SF's doyenne of Malaysian cuisine is back in business with Azalina's in the Tenderloin
Azalina's features Mamak Malaysian homestyle cooking and street food (Courtesy of Brianna Danner/a&fco).

SF's doyenne of Malaysian cuisine is back in business with Azalina's in the Tenderloin


This summer marks the long-awaited return of celebrated Malaysian chef Azalina Eusope to the San Francisco restaurant scene.

With a focus on the homestyle dishes and street foods of the Mamak ethnic group, Eusope’s newest restaurant Azalina’s is a brilliant, beckoning light. Inside, under a cloud of handmade kites and a color-drenched Malaysian streetscape that draws the eye like the sun through the fog, Southeast Asia feels almost within reach.

Some of Azalina's decor includes items from the chef's own kitchen and photos from the streets of the Tenderloin. (Courtesy of Brianna Danner/a&fco)

It wasn’t long ago that Eusope was a straight-up boss, with two restaurants, a food truck, a line of condiments, and other food-centric projects to her name. But the pandemic had other plans for the chef. At its start, Eusope was not only forced to close both of her restaurants, a fast-casual spot in the (former) Twitter food hall and the upscale restaurant Mahila in Noe Valley, she was ousted from the massive Bayview commercial kitchen where she toiled over sambals and peanut sauces for sale online and at retailers like Bi-Rite, Rainbow Grocery, and Berkeley Bowl.

But Eusope, who grew up a fifth-generation street food vendor on the island of Penang, is resilient. She retreated to the small space she’d obtained as a commissary kitchen in the Tenderloin in 2018 and turned it into a new center of operations for her handmade products. Finally, five years later, she was ready to dip her toe back into the restaurant industry. Over the last several months, she’s transformed the kitchen into a restaurant as homey and joyful as the food she prepares in it.

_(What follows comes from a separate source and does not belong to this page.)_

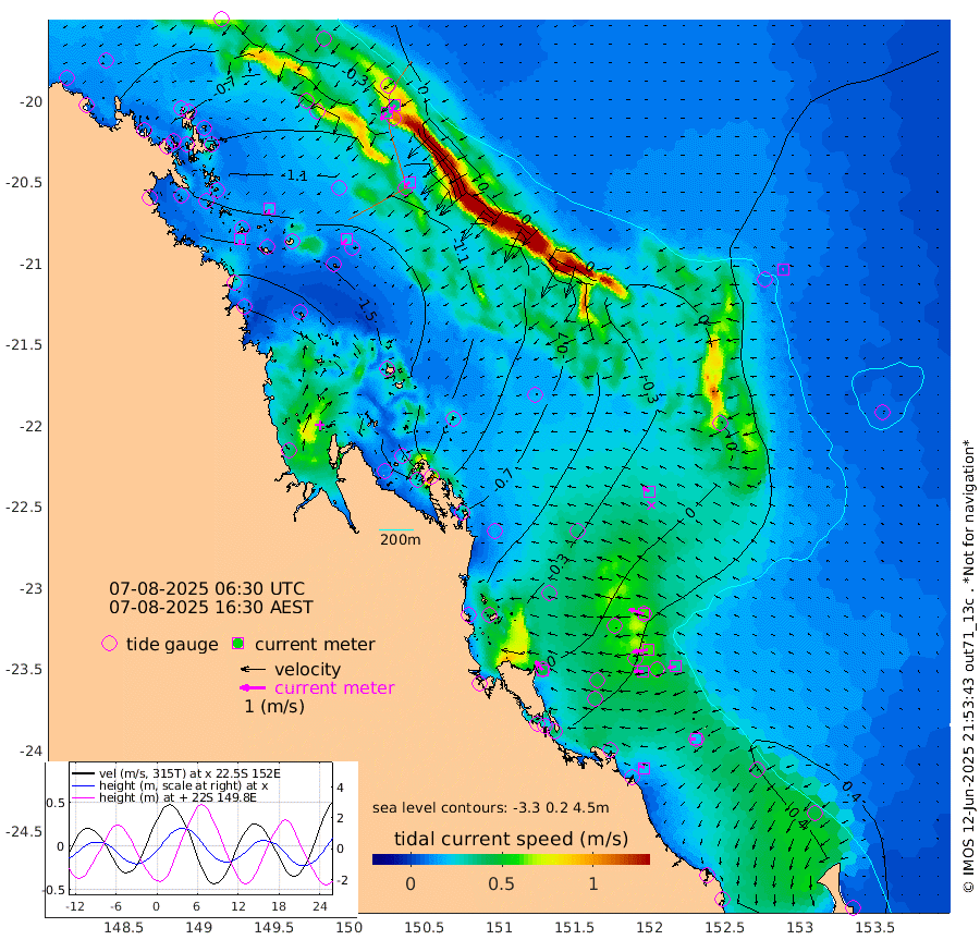19cm/s -173T +10cm/s rms + 2cm/s 5T. Brampton I 18m 21cm/s -170T +9cm/s rms + 6cm/s 66T. Wigton I 38m 24cm/s -142T +7cm/s rms + 8cm/s 141T. Tern I 47m 37cm/s -147T +7cm/s rms + 12cm/s 54T. N Bugatti Rf 64m 35cm/s -138T +3cm/s rms + 13cm/s 178T. W Bugatti Rf 70m 18cm/s -134T +3cm/s rms + 3cm/s -130T. Creal Rf 69m 61cm/s -72T +7cm/s rms + 4cm/s 2T. North Rf 62m 45cm/s -39T +9cm/s rms + 2cm/s -56T. Cape Capricorn 26m 20cm/s -98T +5cm/s rms + 3cm/s 166T. L Musgrave I 42m 21cm/s -66T +9cm/s rms + 1cm/s -142T. Round Hill Hd 26m 8cm/s -82T +41cm/s rms + 48cm/s 116T. GBRELR 305m 29cm/s -61T +7cm/s rms + 6cm/s 123T. GBRCCH 92m 60cm/s -98T +8cm/s rms + 3cm/s -33T. GBRHIN 45m 38cm/s -91T +4cm/s rms + 2cm/s 41T. GBRHIS 46m 32cm/s -99T +16cm/s rms + 4cm/s -22T. GBROTE 59m -72cm Bell Cay -58cm Holbourne I -142cm Tern I -61cm Bugatti Rf -96cm Creal Rf -35cm White Tip I 14cm North Rf 8cm Rundle I 33cm L Musgrave I 10cm Saumarez Reef -37cm Kennedy Reef -16cm Unnamed Reef No. 2 -52cm Abbot Point -62cm Bowen -86cm Tideway Reef -72cm Hayman Island -121cm Square Reef -77cm Double Bay -91cm Molle Island -96cm Cid Harbour -80cm Hook Island -92cm Border Island -98cm Haslewood Island -98cm Shute Harbour -125cm Thomas Island -123cm Credlin Reef -131cm East Repulse Island -136cm Blacksmith Island -153cm Laguna Quays -135cm Carlisle Island (Off) -161cm St. Bees Island -144cm Scawfell Island -147cm Penrith Island -168cm Mackay Outer Harbour -177cm Hay Point -183cm Prudhoe Island -149cm Middle Island (Percy Isles) -58cm Gannet Cay 22cm Elusive Reef -244cm Mcewin Islet -148cm Mumford Island -158cm Osborn Island -165cm Marquis Island -139cm Reef Point -99cm High Peak Island -65cm Port Clinton -55cm Peaked Island 23cm Karamea Bank -15cm Johnson Patch - NW -25cm Rosslyn Bay -22cm Middle Island (Keppel Isles) -44cm Port Alma 21cm Heron Island 27cm One Tree Islet 16cm Polmaise Reef 14cm Tryon Island 28cm Rock Cod Shoal 0cm Gatcombe Head -15cm Gladstone -1cm South Trees (Storm Surge) 31cm Clews Point 29cm Round Hill Head 37cm Lady Elliot Island 45cm Breaksea Spit 25cm Bundaberg (Burnett Heads) 24cm Elliot Heads 38cm Waddy Point (Fraser Island)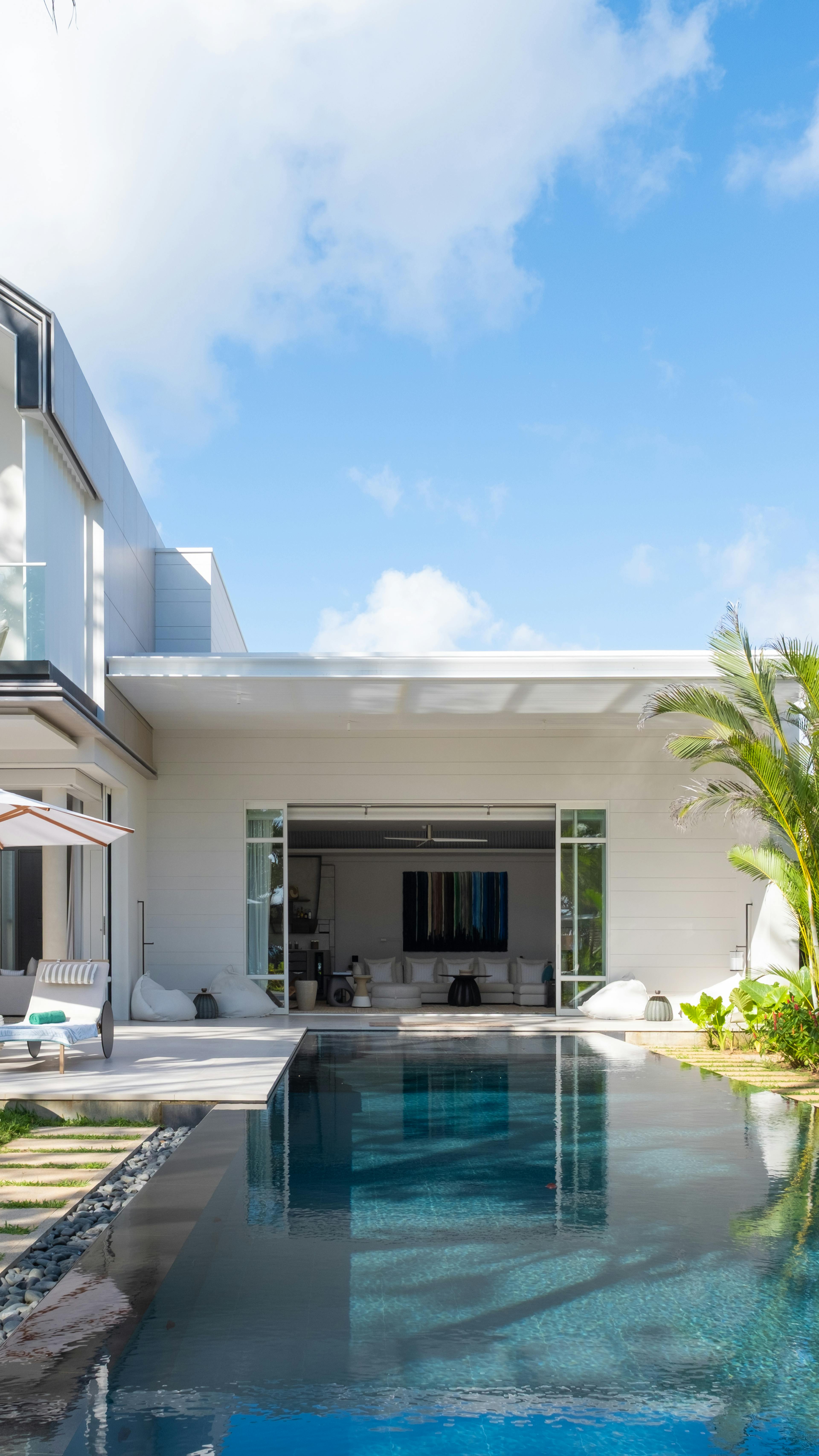 À l'extérieur, bercée par la tranquillité du jardin, la piscine de 18 mètres de long invite à s’abandonner à la douceur de vivre insulaire, tandis que le salon d’été et le pavillon côté plage promettent de mémorables soirées sous le ciel étoilé.

Azalina’s isn’t like her previous restaurants. To really invest in the complexity of each and every dish, Eusope narrowed the scope of her menu to a set four-course meal that includes one non-alcoholic drink and a choice of beer or wine for $100 (a two-course version is also available at the bar and accommodations are available for vegan, vegetarian, and gluten-free diners with advance notice). But don’t expect the pomp and flash of other multi-course restaurants; Azalina’s leans more cozy home-cooked meal than glittering chef showcase.

Like a film that snaps you to attention from its first scene, Azalina’s hooks me with my first bite of char koay kak, a dish of wok-charred turnip cakes, preserved radish, sweet chili sambal, and fried egg. Like fried gnocchi, the turnip cakes melt in my mouth, the sweet-hot sambal a gorgeous complement to their savory saltiness. Between bites, I sip from the effervescence of a freshly juiced watermelon and lychee soda.

The salad course features Azalina’s famous pineapple tea dressing (which she also sells in retail form), a tart and herbaceous topping for chunks of pink pineapple, baby kale, mint, cucumber, and radish. It’s a good segue to the main entree, nasi dagang, a plate packed with a variety of precisely prepared components inspired by the meals served at Malaysian weddings. Every element—the meaty local halibut and its flavor-punching turmeric crust; the rich, heat-packing okra-tomato-coconut-milk curry; the tangy pickled eggplant achar—is as delightful on its own as it is mixed-and-matched with its neighbors.

Finally, we arrive at dessert, a delicious classic halwa kesari topped with roasted pistachio, candied ginger, saffron, and seasonal stone fruits. Like a cousin of both carrot cake and bread pudding, it is slightly gooey and just sweet enough to satisfy. A surprise second dessert, a compote-like berry granita with champagne-colored cubes of chrysanthemum jelly, is a tart contrast to the comforting halwa.

From start to finish, the meal is exceptional. It is also ephemeral. Each menu will be offered for only about three weeks before Eusope remakes it anew with her reinterpretation of classic Malaysian dishes.

Given the quality of her food and the name recognition she’s worked so hard to achieve, Azalina’s should be packed every night. But its location at the heart of the Tenderloin has its challenges, not the least of which is getting San Franciscans to return to the gutted center of the city.

So, until the word really gets out, Azalina’s has the feel of a secret hideout, a hidden sanctum in an otherwise bleak culinary landscape. But it won’t for long. Because even if you haven’t set foot in the Tenderloin in years, the pleasure of Eusope’s cooking is a magnetizing force that simply cannot be ignored.

For the doyenne of Malaysian cooking, there’s no journey too great.

// Azalina’s is open 4pm to 10pm Thursday to Sunday; 499 Ellis St. (Tenderloin), azalinas.com.